Robert Barry released prepackaged liters of noble gasses into the atmosphere in several locations in Southern California, including Beverly Hills and the Mojave Desert. He was invited to participate in a one month exhibition, which had a printed poster stating: ROBERT BARRY/INERT GAS SERIES/HELIUM, NEON, ARGON, KRYPTON, XENON/FROM A MEASURED VOLUME TO INDEFINITE EXPANSION/APRIL 1969. Only later did he provide photographs as documentation.
Most would believe that releasing the gasses that were so painstakingly and financially costing to contract from the environment would be a strange and fruitless endeavor, especially since the actual performance was invisible to the viewer the first time it was shown. However, Barry had the conceptual drive to produce art that wasn’t aesthetic, existed outside traditional methods and mediums, and which without documentation would be completely invisible to the eye.
Another important point in the piece is that the gasses would have been used commercially if the artist had not retrieved them and returned them to their original environment. He recorded the life cycle of these gasses, something that happens constantly but nobody can see.

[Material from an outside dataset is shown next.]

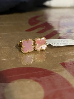 18K Solid Yellow Gold Clover Earrings 10mm Pink Mother of Pearl β HK Setting Press Lock$900Kent, WA

“[Noble gasses] were completely unknown about one hundred years ago, we didn’t know they existed, and yet we breathe them in and exhale them; we live around them and move in these inert gases”
In this way, it was only natural that the piece would exist outside the institution–not in a gallery or a museum, not presented where everyone would pay attention to it. This way the viewer would conceptualize it in their mind, aware of the processes at work around them.